● **THE DATA**:
------------------------------------------------------------------------

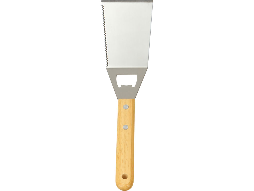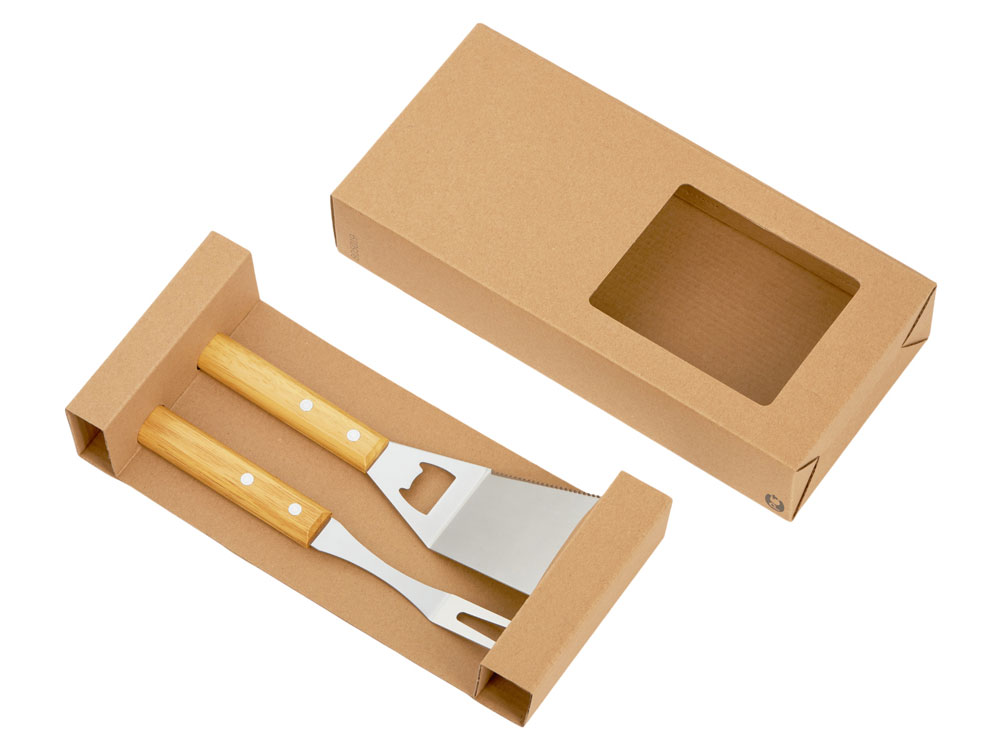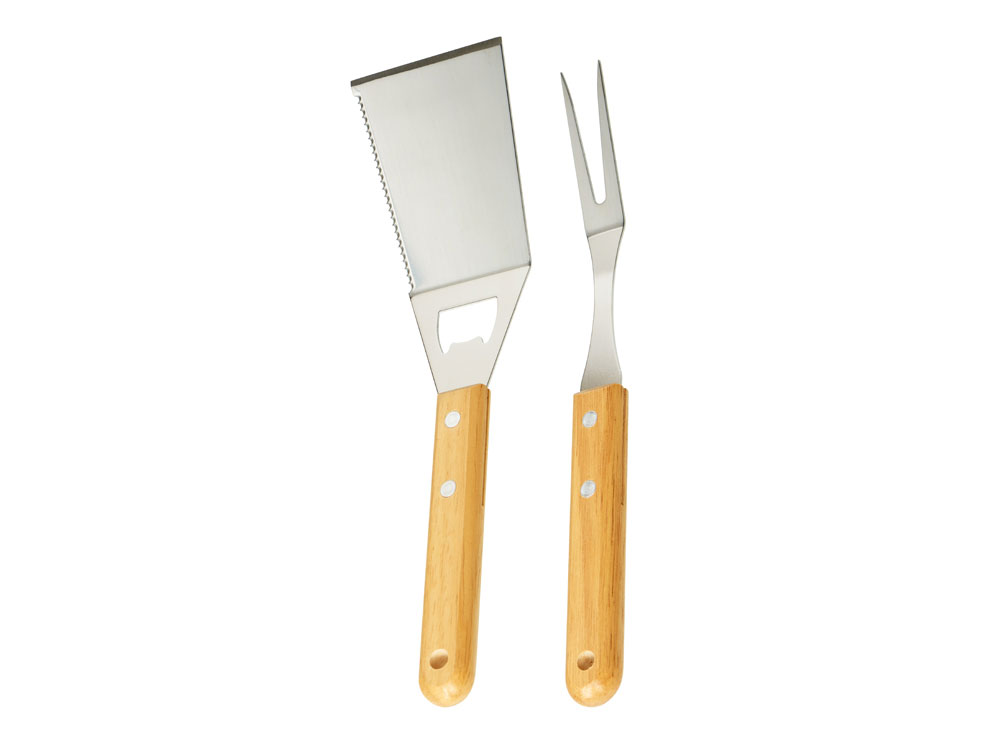 Набор аксессуаров для барбекю Grill Master с деревянными ручками состоит из двух предметов: лопатки и вилки. Лопатка также имеет дополнительную функцию - открывалки для бутылок. Набор поставляется в крафтовой коробке с окошком.
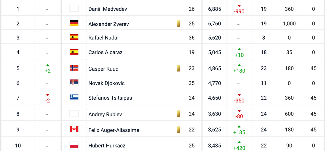 В челото на международната класация също има разбърквания. №1 остава Даниил Медведев с 6885 точки, следван от Александър Зверев с 6760, Рафаел Надал с 5620 и Карлос Алкарас с 5045, само че пети към този момент е Каспер Рууд, който прогресира с две места и повтаря най-хубавото си класиране досега. Шести е Новак Джокович, а Стефанос Циципас се смъкна от 5-а на 7-а позиция. Осми е Андрей Рубльов, следван от Феликс Оже-Алиасим и Хуберт Хуркач.
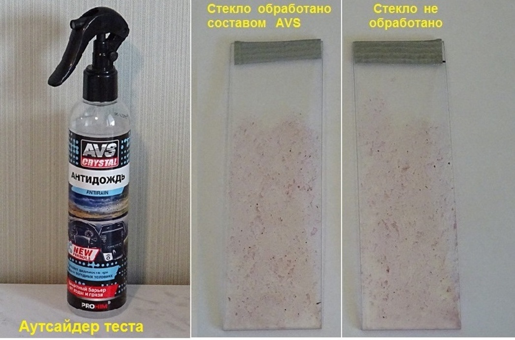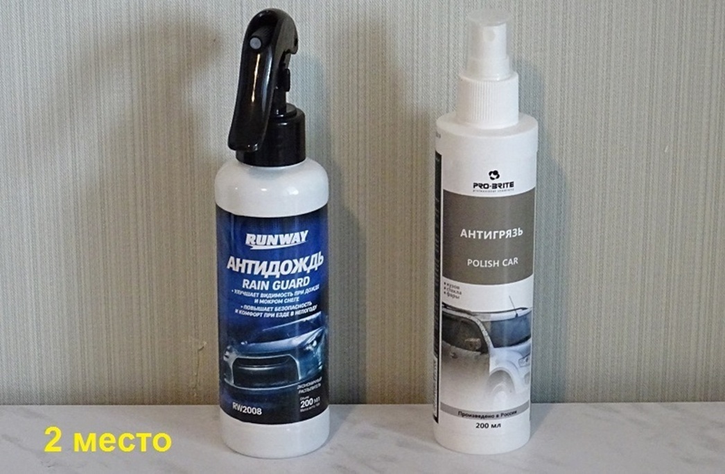 Четыре из них — полностью антидождевые спреи брендов Runway, AVS, Hi-Gear и Ruseff. А вот пятый продукт — довольно неординарный состав под названием «Антигрязь» марки Pro-Brite, предназначенный для защиты не только стекол, зеркал и фар, но и кузова.

------------------------------------------------------------------------

● **TASK DIRECTIONS**:
Take the lines from the one that contains "В челото на" through the last line of the material above and reproduce them exactly, leaving out any pictures.

● **SOLUTION**:
 В челото на международната класация също има разбърквания. №1 остава Даниил Медведев с 6885 точки, следван от Александър Зверев с 6760, Рафаел Надал с 5620 и Карлос Алкарас с 5045, само че пети към този момент е Каспер Рууд, който прогресира с две места и повтаря най-хубавото си класиране досега. Шести е Новак Джокович, а Стефанос Циципас се смъкна от 5-а на 7-а позиция. Осми е Андрей Рубльов, следван от Феликс Оже-Алиасим и Хуберт Хуркач.
 Четыре из них — полностью антидождевые спреи брендов Runway, AVS, Hi-Gear и Ruseff. А вот пятый продукт — довольно неординарный состав под названием «Антигрязь» марки Pro-Brite, предназначенный для защиты не только стекол, зеркал и фар, но и кузова.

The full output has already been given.